> What you need to do
A faithful copy of the entries is required, with no images in it.

> Data to use
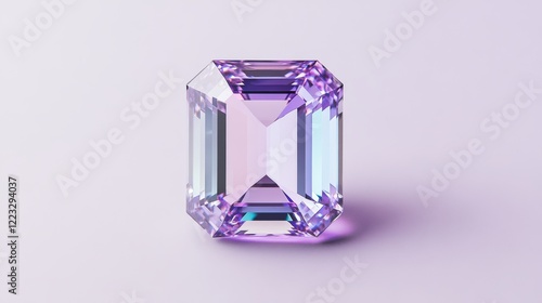 Purple Gemstone Elegance: A captivating emerald cut gemstone, glistening with iridescent hues of purple and pink, rests on a soft lilac background. Its intricate facets reflect the light.
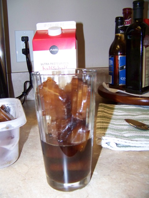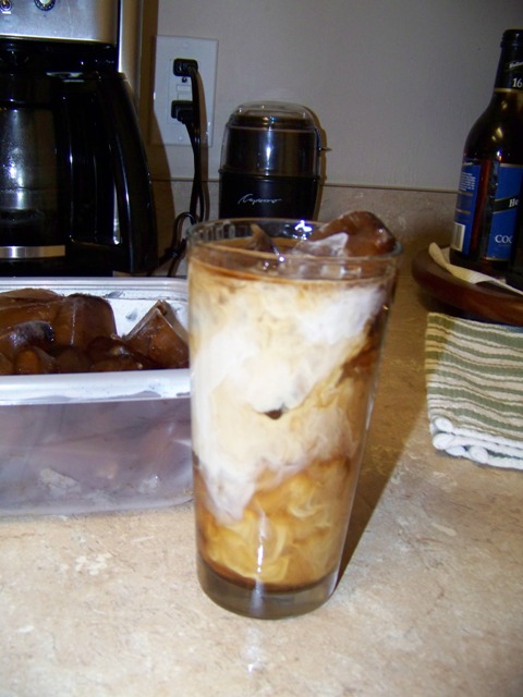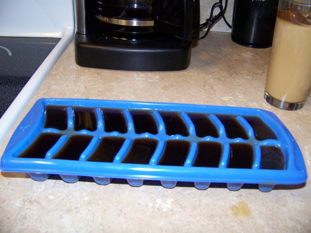 I am learning to make less coffee. I haven’t mastered it yet. But, I hate throwing away perfectly good coffee. So, I hatch a plan. I can’t take all the credit. I got the idea for the coffee ice cubes from Martha Stewart. Back in the day, I would often pay $3 for a Coffee Cooler at Barnie’s at the mall. Now, I make this neat little refreshment. I make the coffee cubes with the mornings leftover coffee.
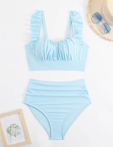 Tainehs Women Two Piece Bikini Set Ruffle High Waisted Swimsuit Ruched Tummy Control Bathing Suit 6
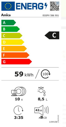 | Energieeffizienzklasse Geschirrspüler (2019/2017/EU) | C |
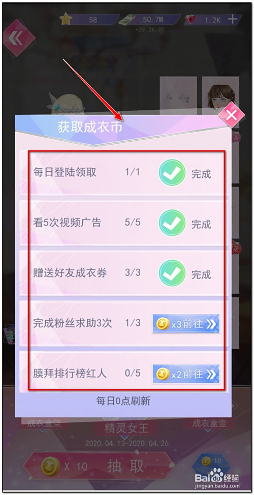 经由过程每日使命可获得裁缝币(使命每日零点更新)
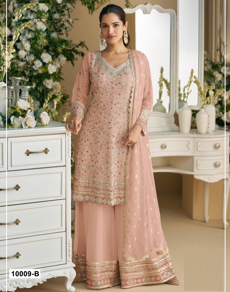 | Product Name | Peach Embroderied Faux Georgette Palazzo Suit | |
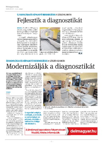 K. A. R.: Új radiológiai és képalkotó berendezések a szegedi klinikán : fejlesztik a diagnosztikát. In: Délmagyarország, (110) 119. 1, 4. (2020)
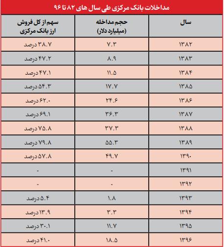 طبق یادداشت ولیالله سیف، رئیسکل اسبق بانک مرکزی، که در ۱۳ آذر ۱۳۹۸ در خبرگزاری ایسنا منتشر شده، بانک مرکزی در فاصله سالهای ۱۳۸۲ تا ۱۳۹۶ مداخلات گستردهای در بازار ارز داشته است. براساس این آمار، تنها در سالهای ۱۳۸۲ تا ۱۳۹۰، حجم مداخله ارزی بانک مرکزی به حدود ۲۴۹ میلیارد دلار رسیده است. (به جدول پیوست گزارش توجه کنید) با وجود این حجم سنگین تزریق ارز، اقتصاد کشور در میانمدت بار دیگر با شوکهای ارزی مواجه شده و نرخ ارز، همگام با تورم، مسیر صعودی خود را ادامه داده است.
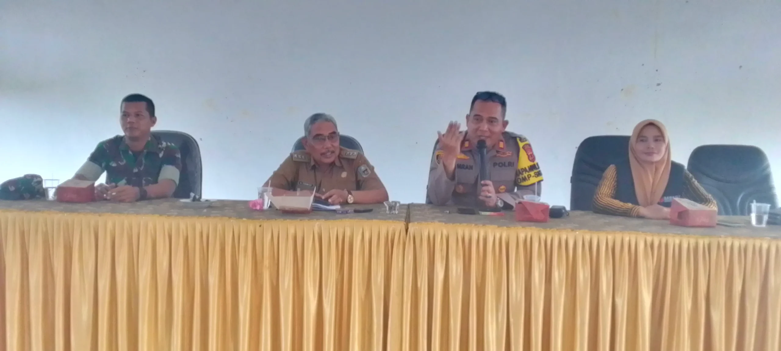 Pelawan – Kapolsek Pelawan Singkut AKP Amran SH saat menghadiri rapat kordinasi Kepala Desa( Kades). Lintas sektoral dalam menghadapi Pemilukada Serentak tahun 2024 di Kantor Kecamatan Pelamwan ,Selasa siang (3/09/2024).

> Result of this task
 Purple Gemstone Elegance: A captivating emerald cut gemstone, glistening with iridescent hues of purple and pink, rests on a soft lilac background. Its intricate facets reflect the light.
 I am learning to make less coffee. I haven’t mastered it yet. But, I hate throwing away perfectly good coffee. So, I hatch a plan. I can’t take all the credit. I got the idea for the coffee ice cubes from Martha Stewart. Back in the day, I would often pay $3 for a Coffee Cooler at Barnie’s at the mall. Now, I make this neat little refreshment. I make the coffee cubes with the mornings leftover coffee.
 Tainehs Women Two Piece Bikini Set Ruffle High Waisted Swimsuit Ruched Tummy Control Bathing Suit 6
 | Energieeffizienzklasse Geschirrspüler (2019/2017/EU) | C |
 经由过程每日使命可获得裁缝币(使命每日零点更新)
 | Product Name | Peach Embroderied Faux Georgette Palazzo Suit | |
 K. A. R.: Új radiológiai és képalkotó berendezések a szegedi klinikán : fejlesztik a diagnosztikát. In: Délmagyarország, (110) 119. 1, 4. (2020)
 طبق یادداشت ولیالله سیف، رئیسکل اسبق بانک مرکزی، که در ۱۳ آذر ۱۳۹۸ در خبرگزاری ایسنا منتشر شده، بانک مرکزی در فاصله سالهای ۱۳۸۲ تا ۱۳۹۶ مداخلات گستردهای در بازار ارز داشته است. براساس این آمار، تنها در سالهای ۱۳۸۲ تا ۱۳۹۰، حجم مداخله ارزی بانک مرکزی به حدود ۲۴۹ میلیارد دلار رسیده است. (به جدول پیوست گزارش توجه کنید) با وجود این حجم سنگین تزریق ارز، اقتصاد کشور در میانمدت بار دیگر با شوکهای ارزی مواجه شده و نرخ ارز، همگام با تورم، مسیر صعودی خود را ادامه داده است.
 Pelawan – Kapolsek Pelawan Singkut AKP Amran SH saat menghadiri rapat kordinasi Kepala Desa( Kades). Lintas sektoral dalam menghadapi Pemilukada Serentak tahun 2024 di Kantor Kecamatan Pelamwan ,Selasa siang (3/09/2024).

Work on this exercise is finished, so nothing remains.